Segment Start: Data

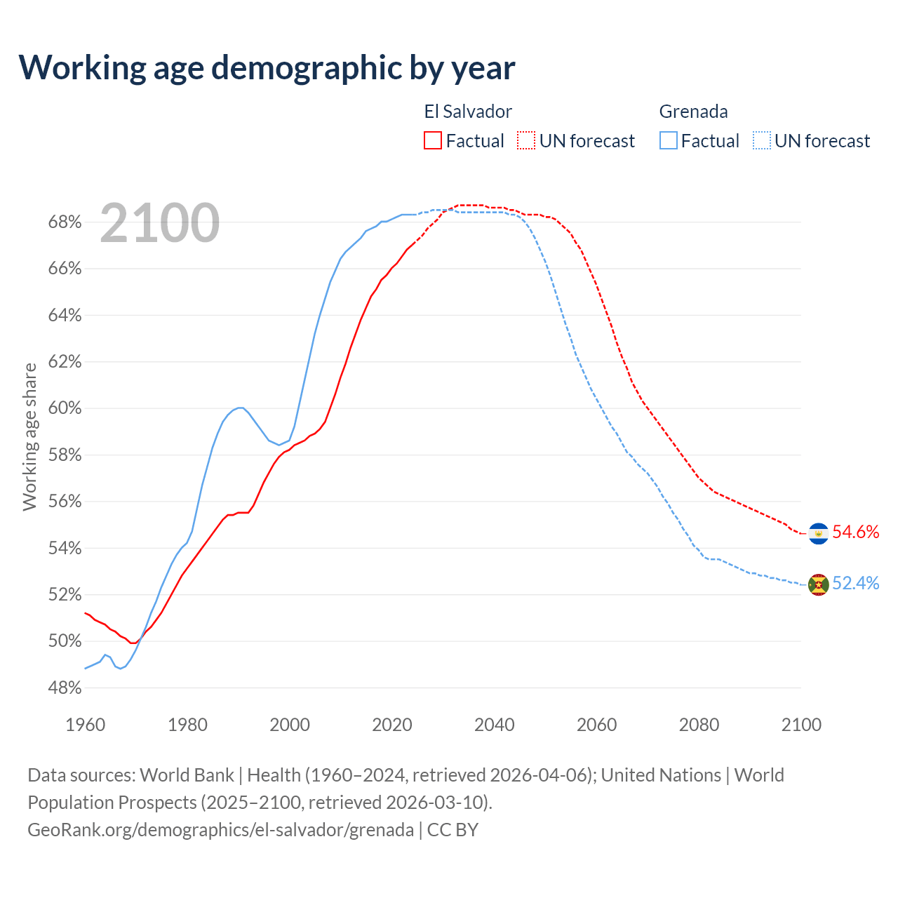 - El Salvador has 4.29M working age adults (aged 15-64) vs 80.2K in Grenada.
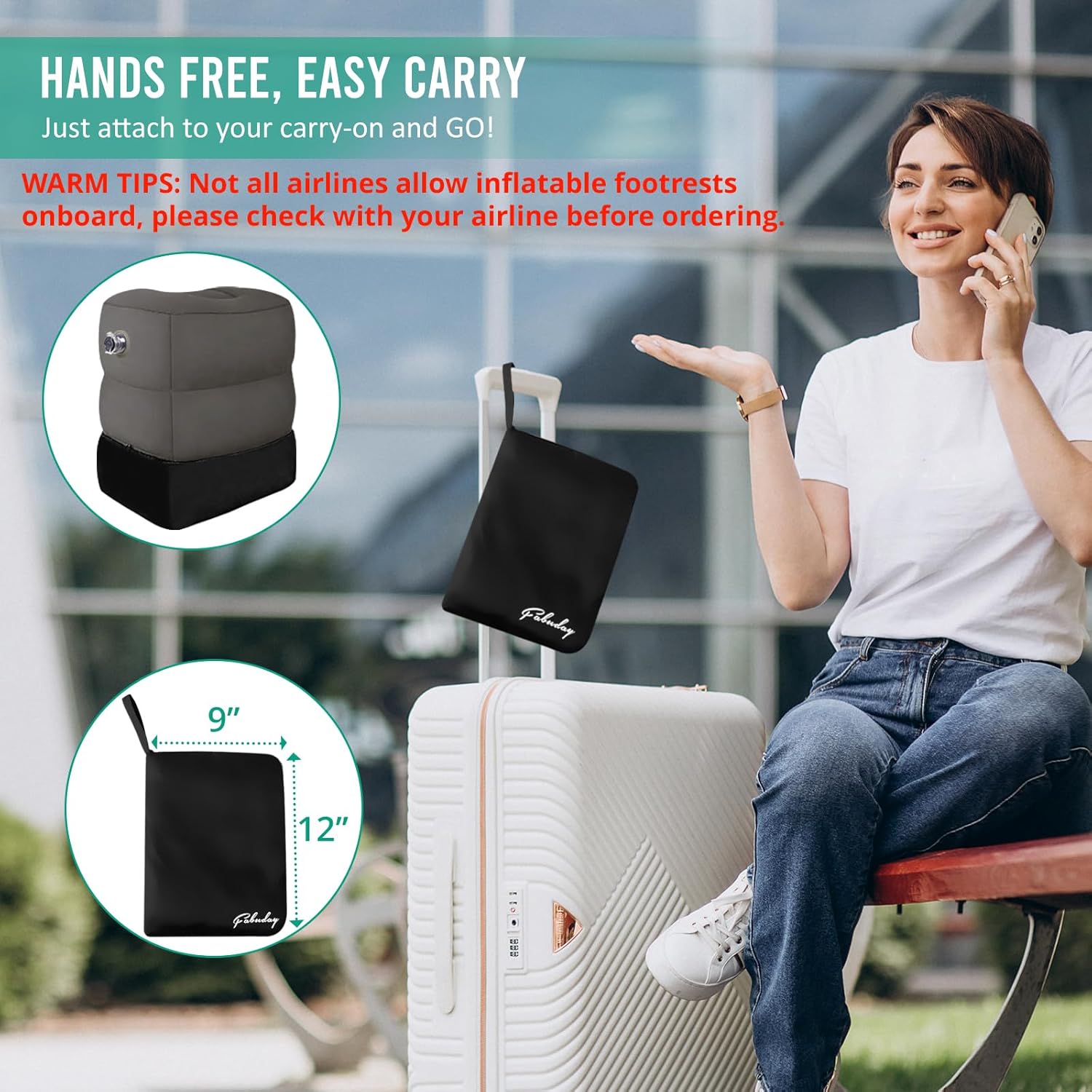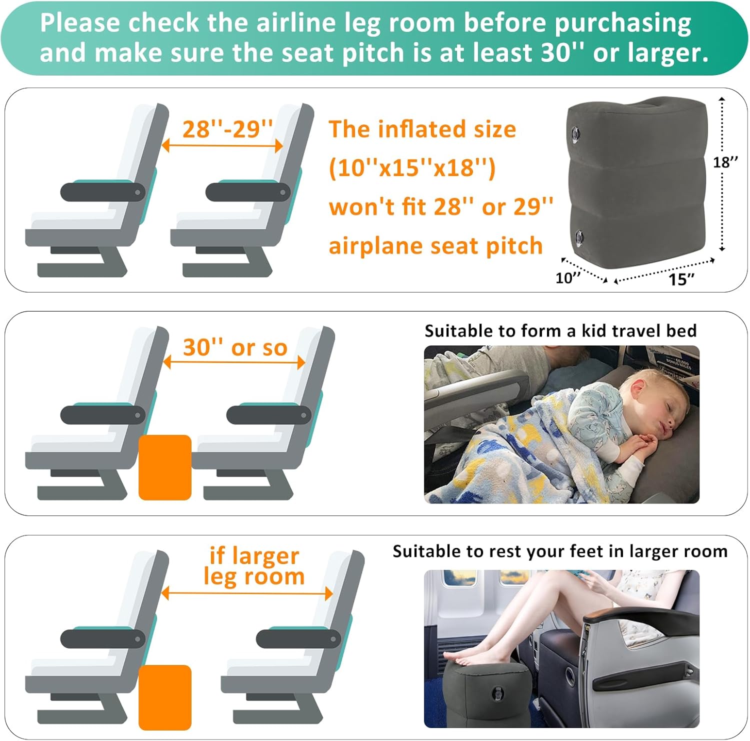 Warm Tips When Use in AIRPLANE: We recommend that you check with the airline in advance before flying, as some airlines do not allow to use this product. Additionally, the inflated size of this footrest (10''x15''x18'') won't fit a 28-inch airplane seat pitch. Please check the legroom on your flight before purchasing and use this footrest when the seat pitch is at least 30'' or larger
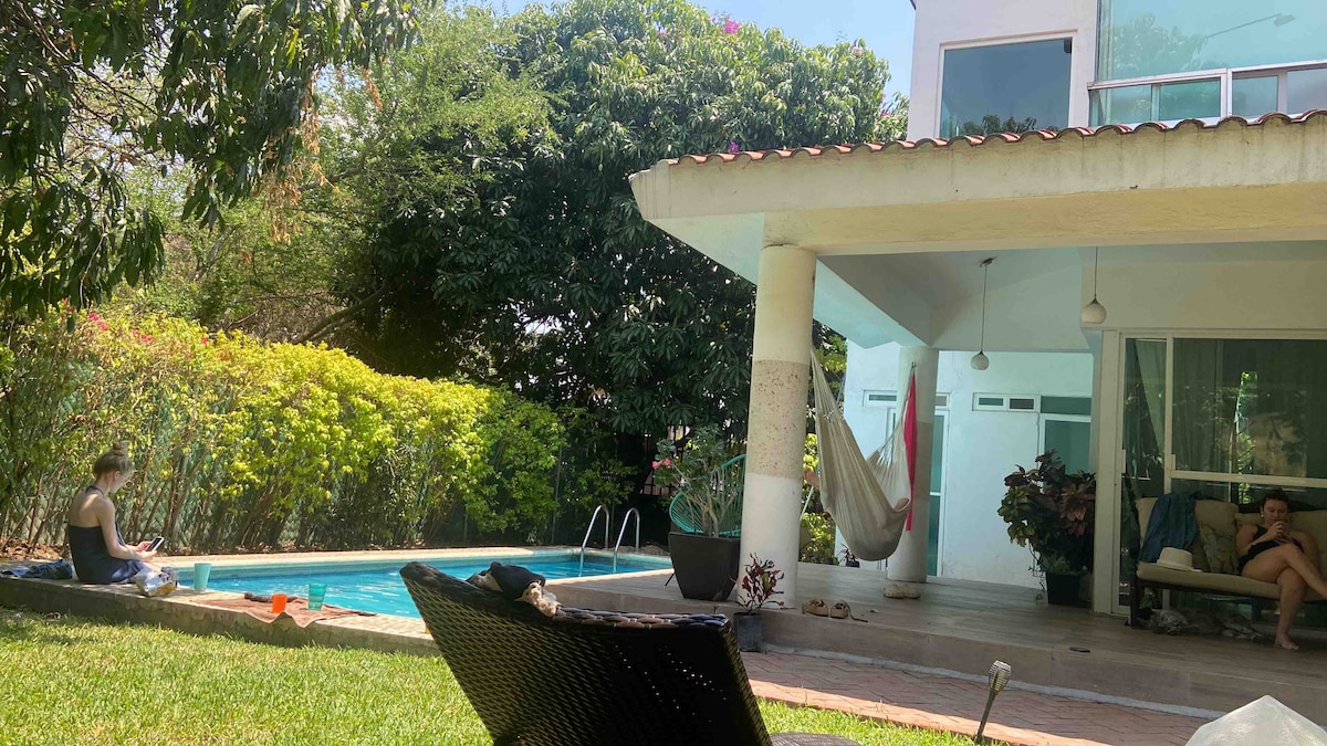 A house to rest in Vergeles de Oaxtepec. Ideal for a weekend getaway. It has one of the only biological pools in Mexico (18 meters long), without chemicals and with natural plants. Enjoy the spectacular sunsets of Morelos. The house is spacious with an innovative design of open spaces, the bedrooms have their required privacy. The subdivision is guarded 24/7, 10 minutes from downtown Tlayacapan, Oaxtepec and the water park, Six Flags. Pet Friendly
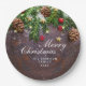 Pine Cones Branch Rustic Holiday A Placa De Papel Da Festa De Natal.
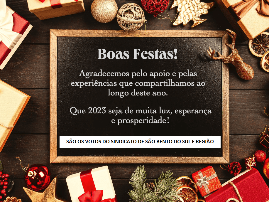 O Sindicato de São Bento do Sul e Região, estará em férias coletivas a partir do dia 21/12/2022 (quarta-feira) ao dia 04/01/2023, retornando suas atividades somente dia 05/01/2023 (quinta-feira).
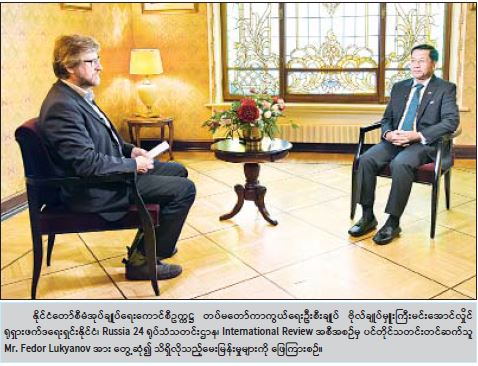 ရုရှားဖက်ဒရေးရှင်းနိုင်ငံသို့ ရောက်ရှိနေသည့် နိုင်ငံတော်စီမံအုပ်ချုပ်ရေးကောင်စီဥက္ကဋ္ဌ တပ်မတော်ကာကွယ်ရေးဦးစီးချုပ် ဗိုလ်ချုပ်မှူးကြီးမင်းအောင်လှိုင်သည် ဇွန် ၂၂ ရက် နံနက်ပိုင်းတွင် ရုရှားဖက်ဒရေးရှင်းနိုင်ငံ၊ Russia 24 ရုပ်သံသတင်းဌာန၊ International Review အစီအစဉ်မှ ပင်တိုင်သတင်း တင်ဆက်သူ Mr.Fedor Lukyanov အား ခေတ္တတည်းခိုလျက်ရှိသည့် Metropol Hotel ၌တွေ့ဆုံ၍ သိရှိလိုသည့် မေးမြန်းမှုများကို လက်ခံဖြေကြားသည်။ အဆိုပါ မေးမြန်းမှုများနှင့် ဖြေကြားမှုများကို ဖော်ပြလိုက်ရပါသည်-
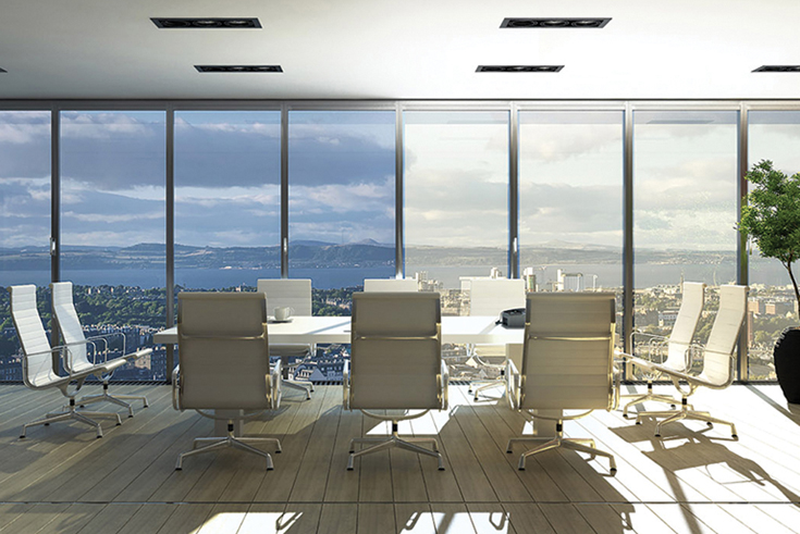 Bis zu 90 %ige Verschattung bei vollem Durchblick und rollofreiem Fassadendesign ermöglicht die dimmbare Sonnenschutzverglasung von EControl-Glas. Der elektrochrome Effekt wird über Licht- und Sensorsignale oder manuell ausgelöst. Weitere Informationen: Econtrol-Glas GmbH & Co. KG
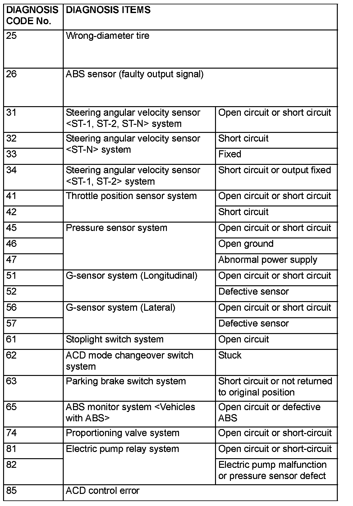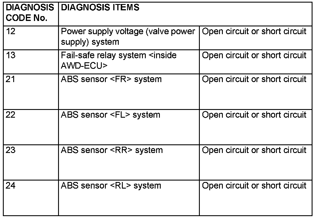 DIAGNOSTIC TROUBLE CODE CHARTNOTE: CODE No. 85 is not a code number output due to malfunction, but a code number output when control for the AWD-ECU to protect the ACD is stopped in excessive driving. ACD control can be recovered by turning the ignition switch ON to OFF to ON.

Segment End: Data

**Your assignment**. What's needed is an exact copy of the records above from the line containing "A house to rest" down to the line containing "ဗိုလ်ချုပ်မှူးကြီးမင်းအောင်လှိုင်သည် ဇွန် ၂၂", both included, without any pictures.

**Exercise solution**.
 A house to rest in Vergeles de Oaxtepec. Ideal for a weekend getaway. It has one of the only biological pools in Mexico (18 meters long), without chemicals and with natural plants. Enjoy the spectacular sunsets of Morelos. The house is spacious with an innovative design of open spaces, the bedrooms have their required privacy. The subdivision is guarded 24/7, 10 minutes from downtown Tlayacapan, Oaxtepec and the water park, Six Flags. Pet Friendly
 Pine Cones Branch Rustic Holiday A Placa De Papel Da Festa De Natal.
 O Sindicato de São Bento do Sul e Região, estará em férias coletivas a partir do dia 21/12/2022 (quarta-feira) ao dia 04/01/2023, retornando suas atividades somente dia 05/01/2023 (quinta-feira).
 ရုရှားဖက်ဒရေးရှင်းနိုင်ငံသို့ ရောက်ရှိနေသည့် နိုင်ငံတော်စီမံအုပ်ချုပ်ရေးကောင်စီဥက္ကဋ္ဌ တပ်မတော်ကာကွယ်ရေးဦးစီးချုပ် ဗိုလ်ချုပ်မှူးကြီးမင်းအောင်လှိုင်သည် ဇွန် ၂၂ ရက် နံနက်ပိုင်းတွင် ရုရှားဖက်ဒရေးရှင်းနိုင်ငံ၊ Russia 24 ရုပ်သံသတင်းဌာန၊ International Review အစီအစဉ်မှ ပင်တိုင်သတင်း တင်ဆက်သူ Mr.Fedor Lukyanov အား ခေတ္တတည်းခိုလျက်ရှိသည့် Metropol Hotel ၌တွေ့ဆုံ၍ သိရှိလိုသည့် မေးမြန်းမှုများကို လက်ခံဖြေကြားသည်။ အဆိုပါ မေးမြန်းမှုများနှင့် ဖြေကြားမှုများကို ဖော်ပြလိုက်ရပါသည်-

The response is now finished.